Using meta-algorithm is the key: How to calculate and determine outliers in time series data
What the automated outlier detection system does for each time series:
- Classifies the metric and selects a model based on that classification: Is it a “smooth time series” (stationary) or is the distribution multimodal, sparse, discrete, etc. This step is critical for the performance of the outlier detection system because the distribution determines the model, which in turn determines which algorithms can be used for determining outliers.
- Initializes that model: Read in new data points sequentially, updating and tuning that model in order to learn the normal behavior for that metric. Since a metric’s normal behavior may include seasonality, we use a proprietary algorithm, “Vivaldi” (based on autocorrelation with subsampling), to detect it.

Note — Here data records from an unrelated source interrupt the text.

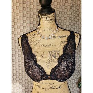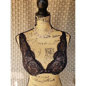 Women's Bra 32D Lace Plunge Double Push up Black Bra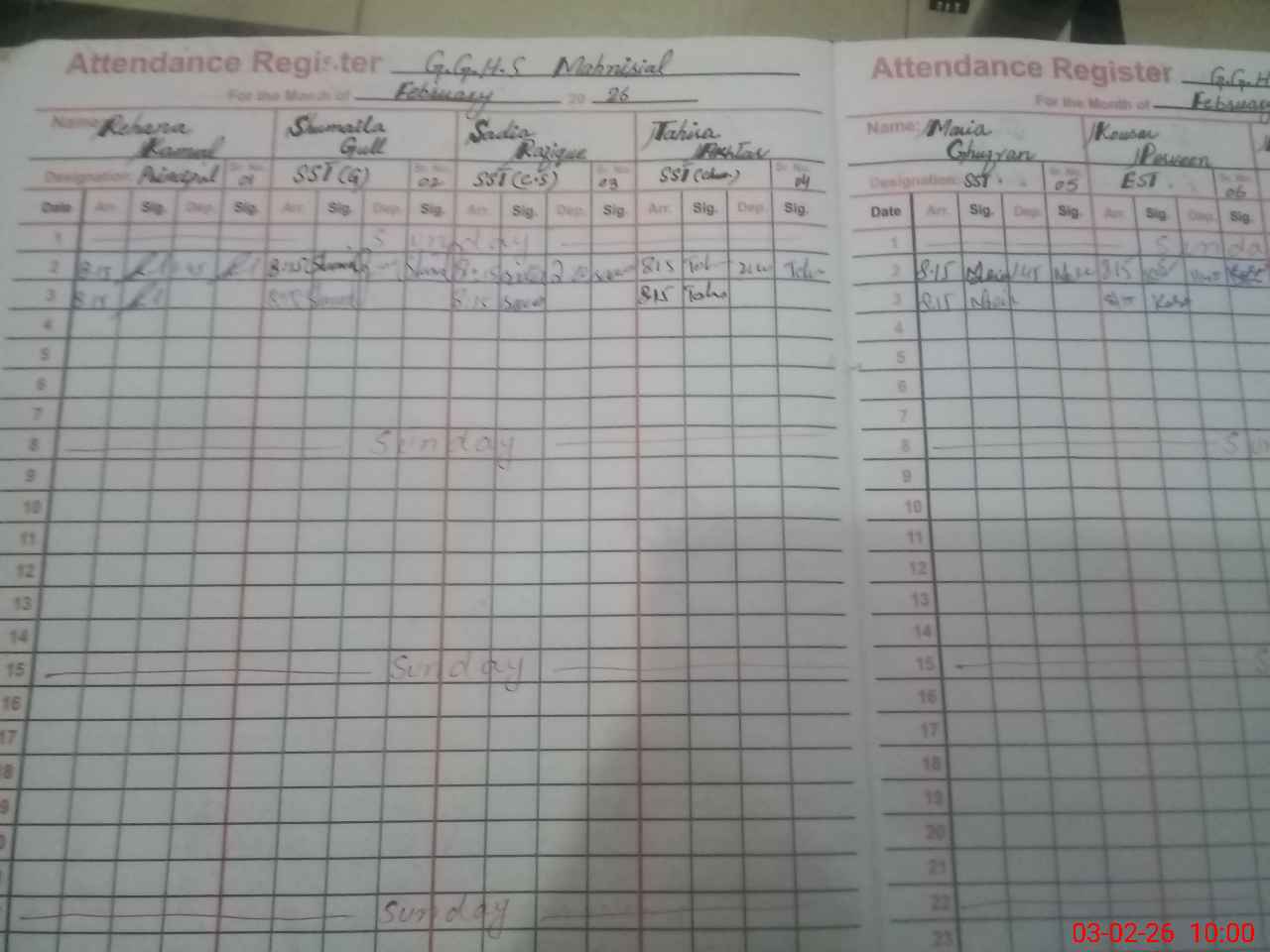 | School Visited by School Health & Nutrition Supervisor (No. of Visits) | Name1: | Masooda Bibi | Name2: | ||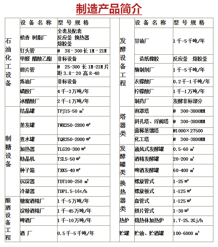 設(shè)備制造:承接糖廠、釀酒廠、酒精廠、啤酒廠、松香樹脂廠、石油化工、制藥、環(huán)保、輕工等廠家所需單臺(tái)配套設(shè)備或全套流程生產(chǎn)線工程設(shè)備!本公司提供現(xiàn)場(chǎng)施工及工廠制造、技術(shù)開發(fā)業(yè)務(wù)。所生產(chǎn)的設(shè)備指標(biāo)符合國(guó)家執(zhí)行的《國(guó)家標(biāo)準(zhǔn)》《行業(yè)標(biāo)準(zhǔn)》中規(guī)定的《鋼制壓力容器》《鋼制焊接常壓容器》《鋼制化工容器制造技術(shù)要求》《酒精蒸餾塔》《塔盤技術(shù)條件》《鋼制板式換熱器》《鋼制管殼式換熱器》《立式圓筒形鋼制焊接儲(chǔ)罐施工及驗(yàn)收規(guī)范》等技術(shù)國(guó)標(biāo)標(biāo)準(zhǔn)。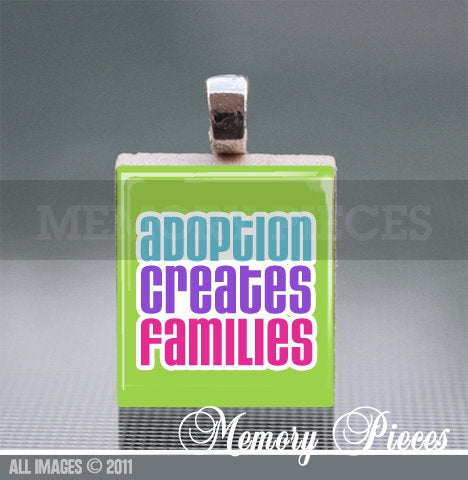 'Adoption Creates Families' Scrabble Tile Pendant with Ball Chain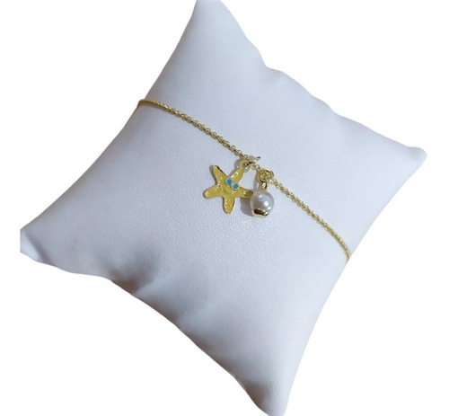 Pulseira infantil folheada a ouro 18k, com pingente de estrela do mar amarela e pérola. 14 cm de comprimento total. Produto com garantia. #presente #para #crianças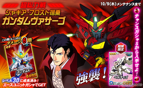 打倒「夏基爾駕駛的瓦沙可高達」就可以抽機會轉蛋S,除了有機會獲得「★3 貝爾迪哥」之外,王牌機體轉蛋中還追加了「★2 高達X」,這台機體對上「夏基爾駕駛的瓦沙可高達」可以發揮6倍的攻擊力。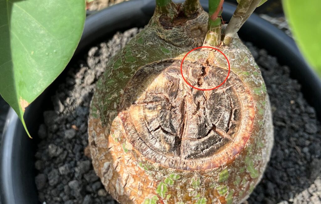 下の写真は過去に選定した箇所がひび割れになります。株の膨らみに伴い、より深く亀裂が入りました。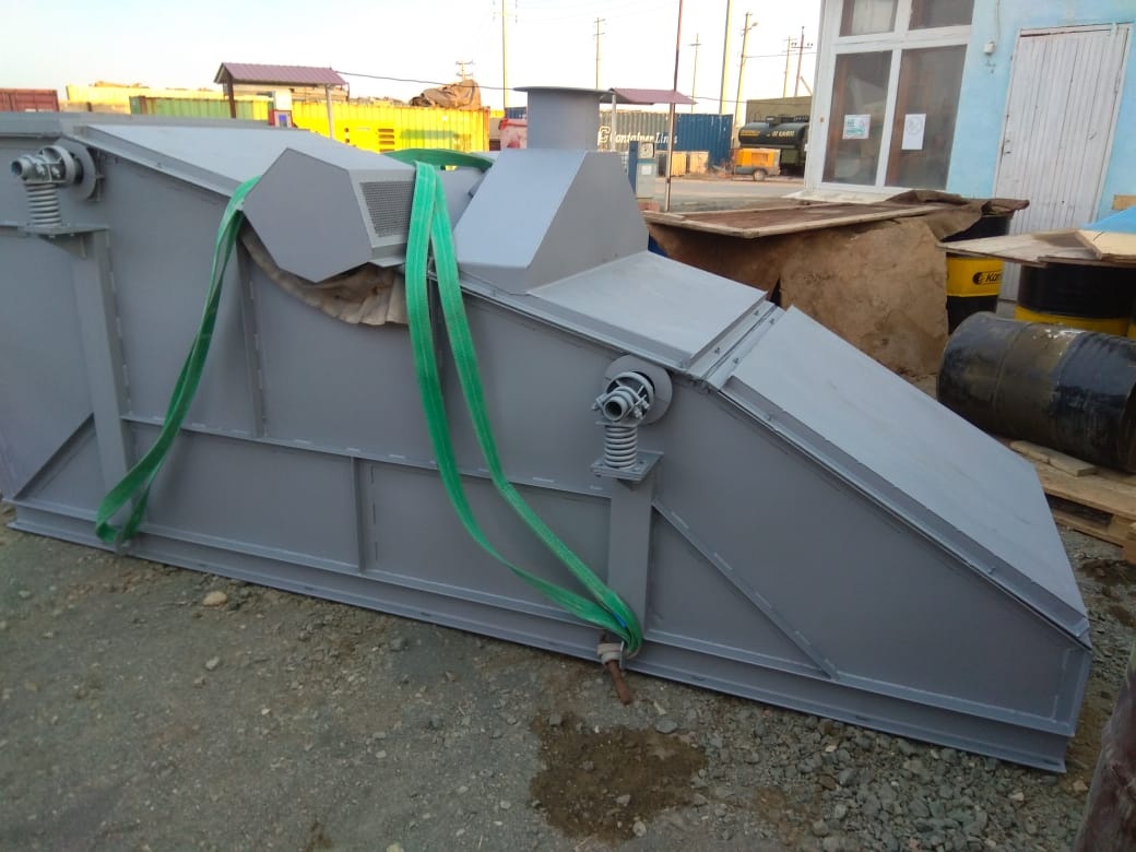Виброгрохот состоит из двух виброблоков, установленных над укрываемым коробом и включающих два однорядных роликоподшипника и симметрично по обе стороны расположенные дебалансы. Виброблоки соединены пружинным валом с резиновыми сочленениями. Привод вибраторов - через муфту с хомутами от неподвижно установленного электродвигателя. Грохот установлен на четырех витых пружинах. Технические характеристики грохота: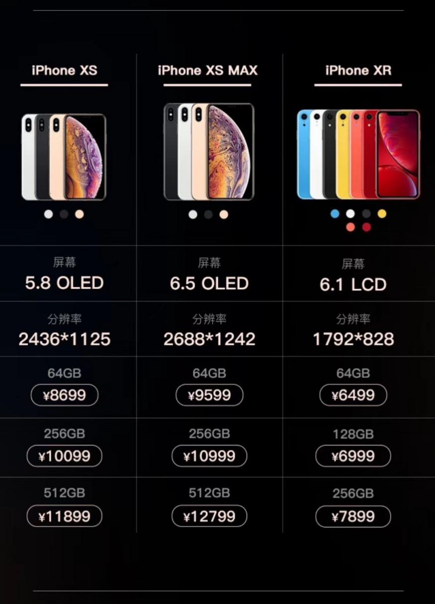這次的三款新機(jī)都以“iPhone X”為命名基礎(chǔ),可以看做是X的半代升級(jí)版本,分別叫做iPhoneXR、iPhoneXS、iPhoneXS Max,三者主要區(qū)別在屏幕大小上:5.8英寸、6.1英寸和6.5英寸。
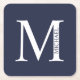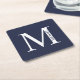Posavasos Cuadrado De Papel Azul Marino Personalizado Monograma y Nombre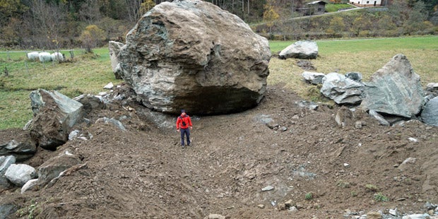 Riesiger Block erreichte Talboden - Keine Personen verletzt oder Häuser beschädigt.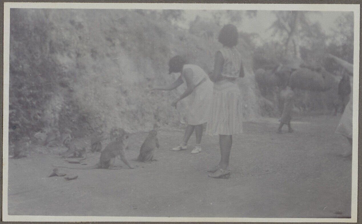Vrouwen geven apen eten man op de achtergrond draagt...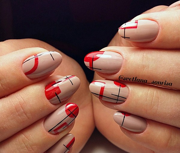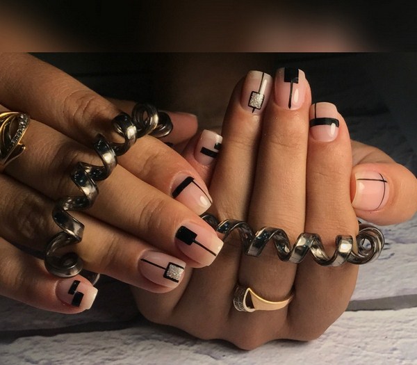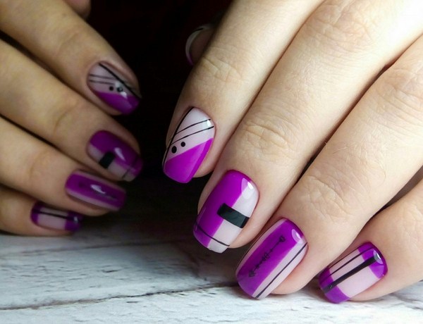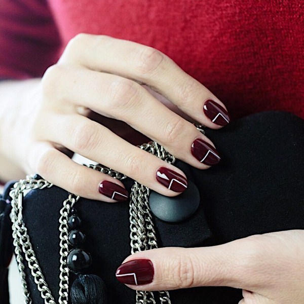 La manucure à géométrie la plus simple est constituée par les lignes sur les ongles, ce qui peut être fait de différentes manières, à partir de laquelle la manucure géométrique à la mode sera complètement nouvelle et fraîche.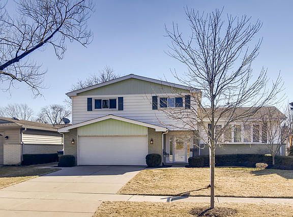 Move right into this lovingly cared for home just one block from K-5 @ Franklin Elementary School! Nice ceramic tiled foyer with huge coat closet right off garage. Dramatic living room and dining room with vaulted ceilings and huge bay window perfect for entertaining! Large eat in kitchen with granite counters and custom granite table. Lower level family room with sliding doors lead to yard. Master ensuite w/updated bath features walk in shower and granite vanity. 3 additional nice-sized bedrooms with large closets (all w/custom organizing installed) and second updated bath with custom tiled tub. Sub basement offers extra recreation room and loads of storage space. Fully fenced yard with covered patio and cedar shed. Tear off roof in 2008. All new windows from 2010. Furnace and A/C replaced in 2019. Hot water heater replaced 2020. Gorgeous hardwood floors under all carpet (except family room). Just 1/2 mile to Dee Road Metra station !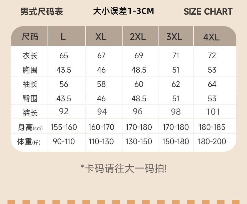 男款,尺码L-4XL,无论是壮汉还是瘦麻杆也ok~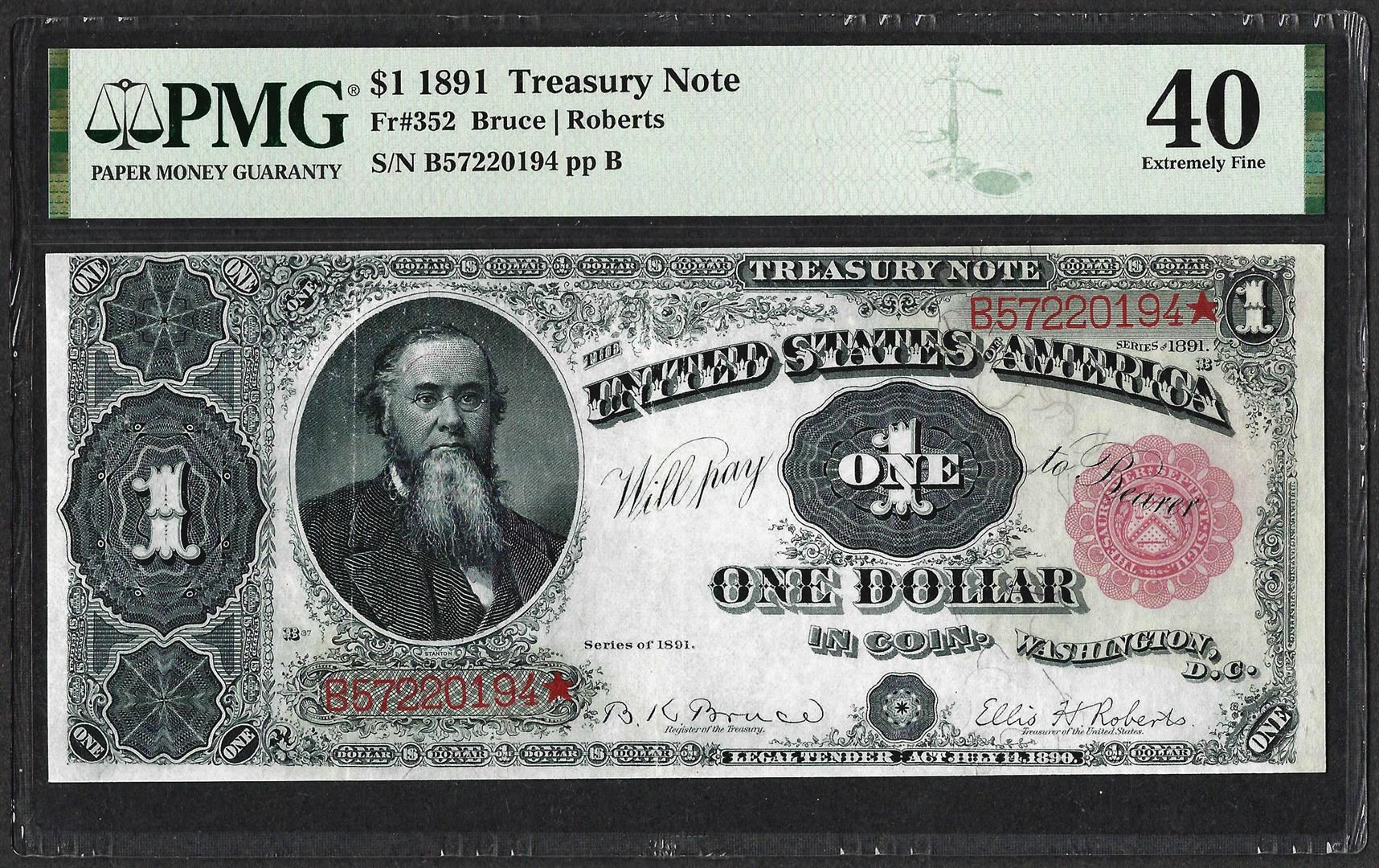 One 1891 $1 Treasury Note Fr.352 PMG Extremely Fine 40 . PMG Certified.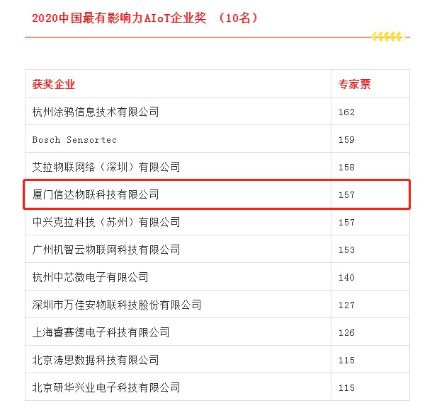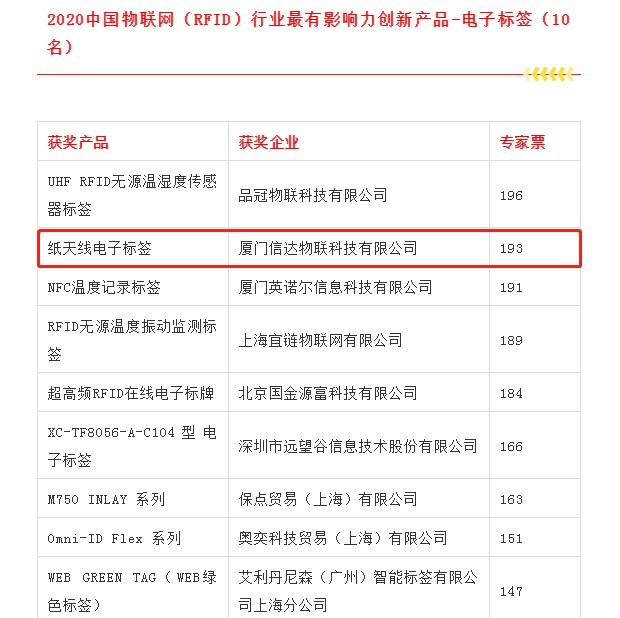 信達(dá)物聯(lián)歷經(jīng)大眾投票預(yù)熱、專家評(píng)委投票等環(huán)節(jié),摘奪“2020中國(guó)最具有影響力AIOT企業(yè)獎(jiǎng)”和“2020年中國(guó)物聯(lián)網(wǎng)(RFID)行業(yè)最具有影響力創(chuàng)新產(chǎn)品獎(jiǎng)”兩項(xiàng)桂冠。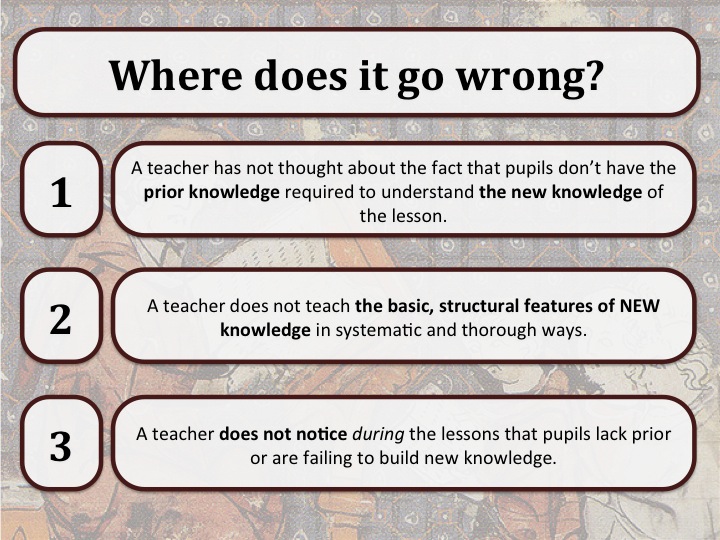 One other mentor and I were tasked with putting together a session on this issue. I have included three of my slides below. Often with mentoring one of the first tasks to do it to diagnose what kind of problem it is that trainees face. I offered on my first slide of the session three common but distinct ways in which trainees sometimes failed to think through the knowledge that pupils need.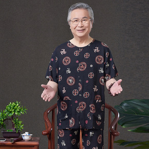 中老年男装爸爸装睡衣老爷子夏季家居服棉绸短袖开衫居...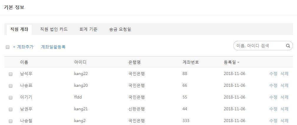 ⊙ 회계 정보 관리 > 기본 정보, 코드 관리에 검색 및 목록 정렬을 추가하였습니다.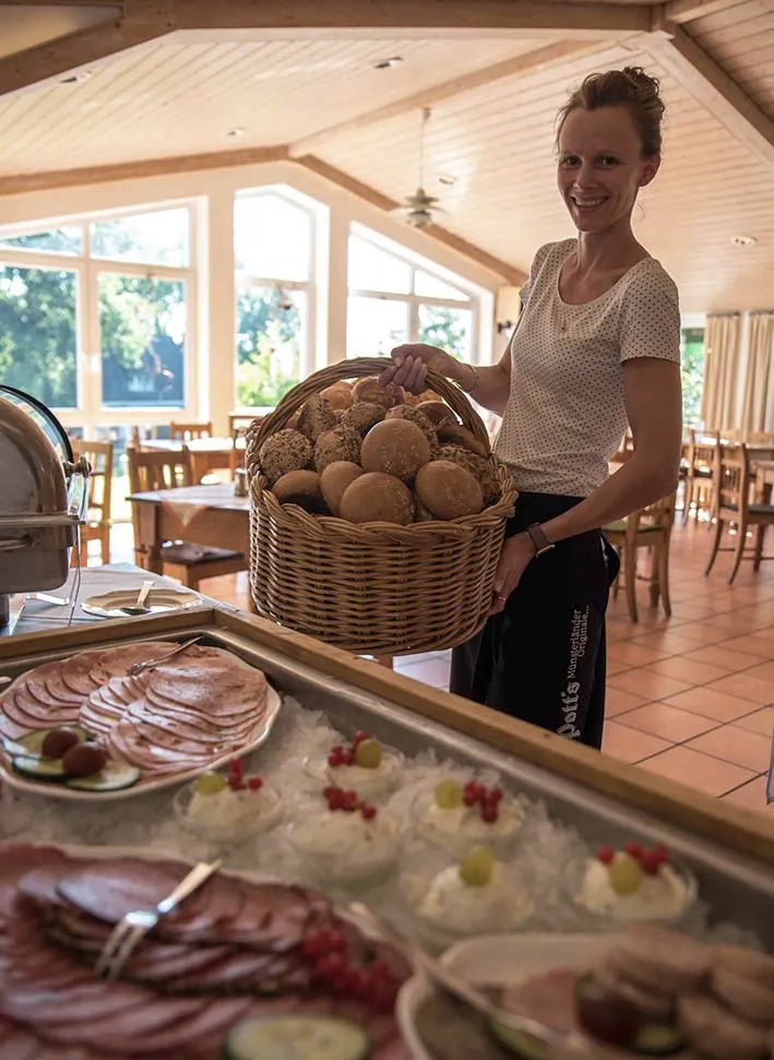 Starten Sie in den Tag mit einem Frühstück auf dem Lande. Mit unseren täglich gebackenen Brötchen, Brot und Stuten aus der Hofbäckerei. Dazu Ei, Wurst, Schinken und Marmelade.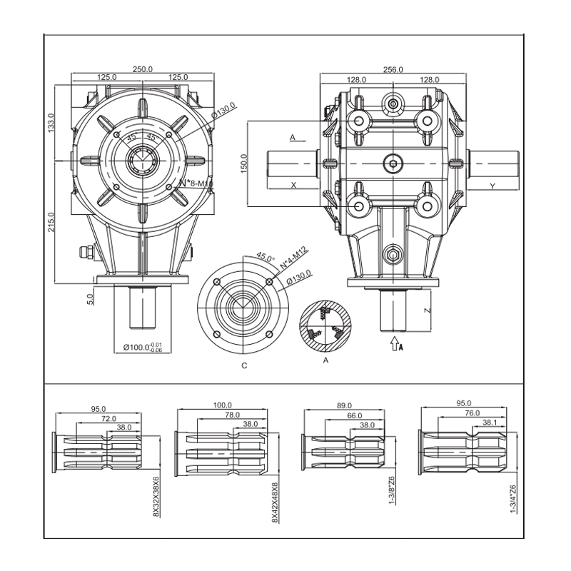 KLF250 omjer prijenosa za povećanje brzine je 1: 3, može se prilagoditi mnogim različitim vrstama poljoprivrednih strojeva i opreme, strojeva za drobljenje mulcher slame, strojeva za oporavak od poljoprivrednih rezidualnih filmova i tako dalje. Gleason Bevel zupčanici obrađuju se s velikom preciznošću, s visokom preciznošću mrežice, malim gubitkom prijenosa i visokom učinkovitošću prijenosa energije.UPUT SPEET 540R/min, izlazne brzine 1620R/min, nazivni snaga 80hp, maksimalna snaga 100HP 100HP

Vivaldi is extremely accurate while at the same time not computationally expensive, which allows Anodot to find outliers in a way that both eliminates false positives and performs well, even at when analyzing millions of metrics.
- Updates and refines the model: Once a data point is read, we determine if it’s an outlier. If not, that point is used to update and tune the model. If it is indeed an outlier, the system will label it as such.
If the outlier is persistent (a change to a new normal), Anodot will update the model to take into account the anomalous behavior. It starts by giving the new outlier a much smaller weight compared to a normal data point, and increases it gradually the longer it persists, until it has equal weight with non-anomalous data. This adaptability allows the system to adjust to permanent, substantial changes in the normal behavior of a metric while at the same time alerting users to the change at the moment it happens. When finding outliers in real time at the scale of millions of metrics, manual re-selection and re-tuning of a model is simply impractical.
This top-level meta-algorithm is necessary for two important reasons: for the initial model selection and for the continuous model re-selection and re-tuning as the business realities underlying the metrics change. As we’ve mentioned above, at the scale of millions of metrics, manual model selection, re-selection and tuning is impossible. Exponentially more time and money would be spent on managing such a manual system than would be spent investigating and acting on the insights generated by it.